Сухбат Афлатуни

Приют для бездомных кактусов

Русский музей

Дверь была открыта, в коридоре — свалка. Наметанным глазом он оглядел ее. Рожок для обуви? Повертел в руках.

В кресле сидела Яло и тыкала в мобильник. Бедра обмотаны шарфом.

— Привет! — Он оглядел комнату. Понял, что всё еще держит рожок, положил его.

Яло подняла глаза:

— А, Сережа… — Она тоже называла его Сережей. — Чай будешь?

Она пошла на кухню, он продолжал разглядывать комнату. Сервиз на месте. Потрогал абажур над головой, запахло пылью. В кухне засопел чайник.

Яло стояла у плиты и грела ладонь над паром. Стала поправлять шарф на бедрах.
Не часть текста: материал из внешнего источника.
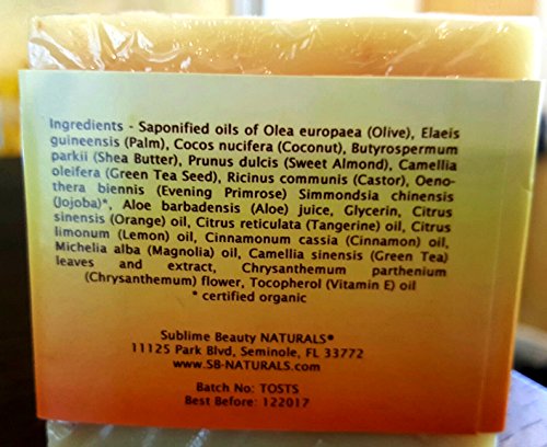 - Essential Oils in the Soap are Lemon, Cinnamon, Orange, Tangerine for Anti-Bacterial Aid and Natural Cleansing
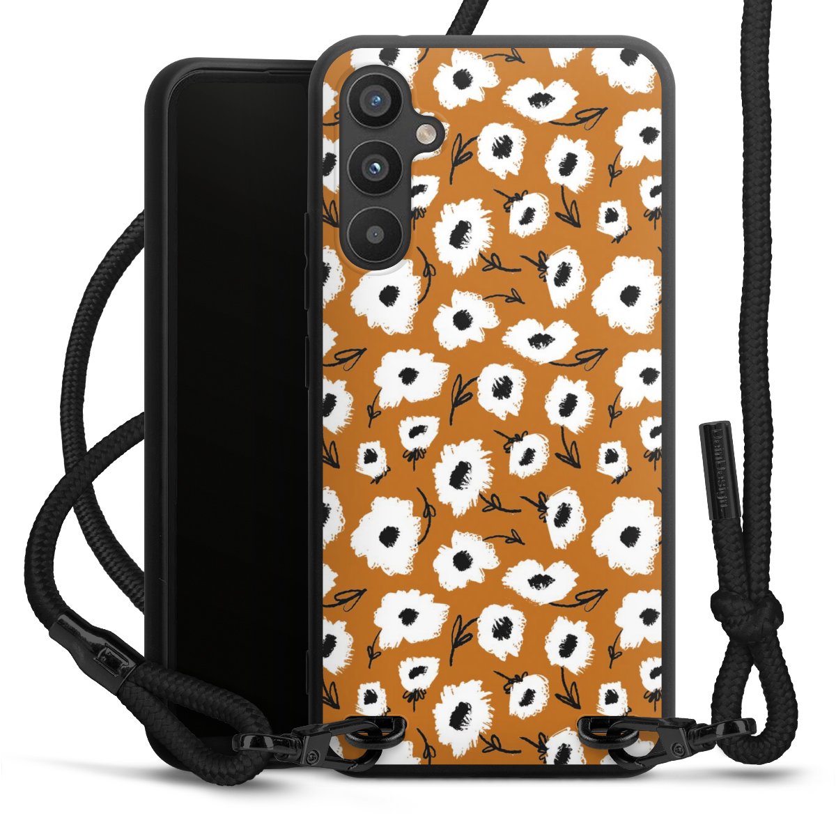 The matt black silicone case is made of flexible TPU (thermoplastic polyurethane) and offers robust protection. The durable, unbreakable material makes the cover flexible and dimensionally stable at the same time. The matte surface makes your design stand out more and is less susceptible to fingerprints and dirt. The stylish trend accessory fits comfortably in the hand and is perfectly complemented by the fabric (polyester) mobile phone strap. The braided fabric strap is approx. 1.70 metres long with a diameter of approx. 0.5 cm. Due to the special knotting technique, the length of the strap can be adjusted by simply pulling it, so that you can adapt it individually to your wishes. The practical case to wear around your neck is available with the fabric strap in black. As a little icing on the cake, we have provided the strap with a chic metal fastener in matt black. The strap is securely fastened to the case with loops made of high-quality genuine leather and press studs. The ends of the fabric strap are covered with metallic end caps and thus protected from fraying.
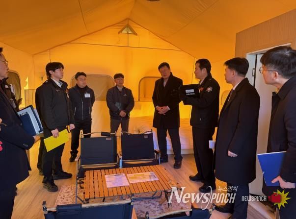 뉴스펀치 김길룡 기자 | 아산시는 겨울철 야영장에서 발생할 수 있는 화재와 일산화탄소 중독 등 안전사고를 예방하기 위해 18일 문화체육관광부, 충청남도, 아산소방서, 한국전기안전공사 등 관계기관과 함께 합동 안전점검을 실시했다.
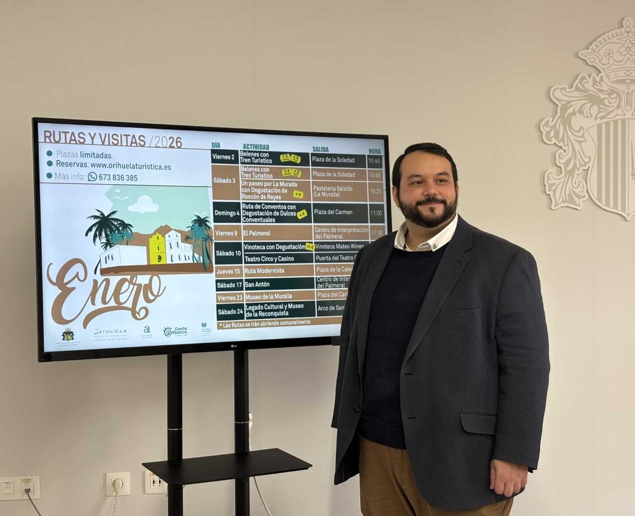 Jednocześnie trasa przez dzielnicę La Murada połączy dziedzictwo i tradycję z degustacją Roscon de Reyes, w towarzystwie czekoladowych lub ziołowych naparów. Wizyta będzie kontynuowana w centrum miasta, kościele i pomniku upamiętniającym setną rocznicę otwarcia systemu irygacyjnego przez króla Alfonsa XIII. Wycieczka będzie prowadzona z udziałem ekspertów.
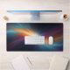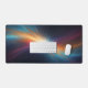 Supercharge your workspace or gaming battle station with a desk mat that radiates pure cosmic energy. This massive horizontal canvas flawlessly showcases a breathtaking abstract supernova explosion. The brilliant central starburst illuminates dynamic, sweeping bands of vibrant nebula gas in stunning shades of cyan, magenta, blue, and golden orange, all set against a deep, dark starry space background. It is a visual masterpiece of celestial power.
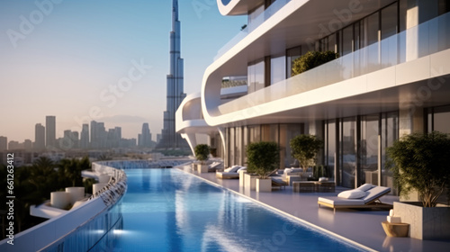 Fototapeta premium Exterior design of a luxury building with pool, City view.
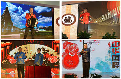 由教职工合唱队带来的合唱《我和我的祖国》、《贝加尔湖畔》拉开了联欢会的序幕。字正腔圆、劲健婉转的新编历史京剧《曹操》演绎了气冲云霄的豪迈与横亘时空的深情;节奏欢快、开阔悠扬的唢呐独奏《好日子》表达了广厦人对幸福生活的热爱和对美好未来的憧憬;外籍教师伊尔法特带来了精彩的乐器表演,欢快的旋律让现场观众在中西文化的交融中如痴如醉;相声表演《一定要幸福》幽默诙谐、妙趣横生,让现场观众捧腹大笑。
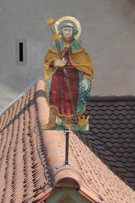 Jost - französisch Josse - wurde im Jahre 602 in der Bretagne geboren, als zweiter Sohn des dortigen Königs. Er genoss eine umfassende Ausbildung in einem Kloster. Als sein älterer Bruder als Nachfolger seines Vaters versagte, war die Thronfolge an ihm. Jost verzichtete auf Krone, Macht und Hofleben. Er wurde Priester und später Eremit und Ratgeber zahlreicher Leute. Laut der Legende bewirkte er mehrere Wunder, wurde vom Pabst geehrt und galt als Heiliger, als er 669 in dem nach ihm benannten Ort St.Josse-sur-Mer am Pas de Calis starb, wo er ein Kloster gestiftet hatte. Nach seinem Tod setzten Pilgerreisen an sein Grab ein, es entstanden aber auch viele ihm geweihte Kapellen und Kirchen in ganz Europa, die ihrerseits Pilgerorte wurden wie z.B. St. Jost zu Blatten.
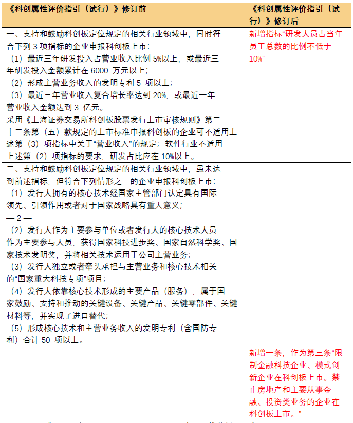 2020年3月,证监会在总结前期审核注册实践的基础上,会同有关部委认真研究论证,出台了《科创属性评价指引(试行)》(以下简称《指引》),明确将“3+5”的常规指标和例外条款成为判断企业科创属性的核心内容。企业如同时满足3项常规指标,即可认为具有科创属性;如不同时满足3项常规指标,但是满足5项例外条款的任意1项,也可认为具有科创属性[1]。2021年4月16日,证监会发布《关于修改<科创属性评价指引(试行)>的决定》,对《指引》作了修订,主要的修订内容如下[2]:
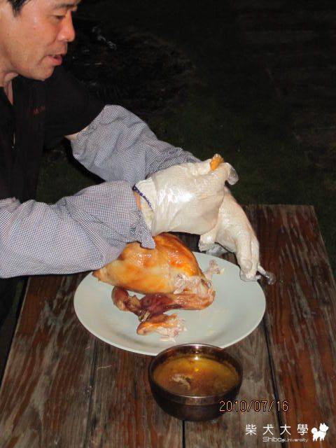 那邊最深刻的是晚上老闆在庭院中間主 "甕仔雞"

— Как дела? — спросила, глядя на чайник.

Чайник уже пускал молочный пар.

— Дела — у прокурора…

— Слей это. — Сунула ему чайник со старой заваркой.

Снова коридор, горы обуви. Носик чайника слегка отбит, но это не трагедия. Тоже пригодится.

Ощупал стену в поисках выключателя. Вспомнил, как приносил сюда стульчик, снимал тапки и вставал, чтобы дотянуться. Снимать тапочки его приучила Баболя.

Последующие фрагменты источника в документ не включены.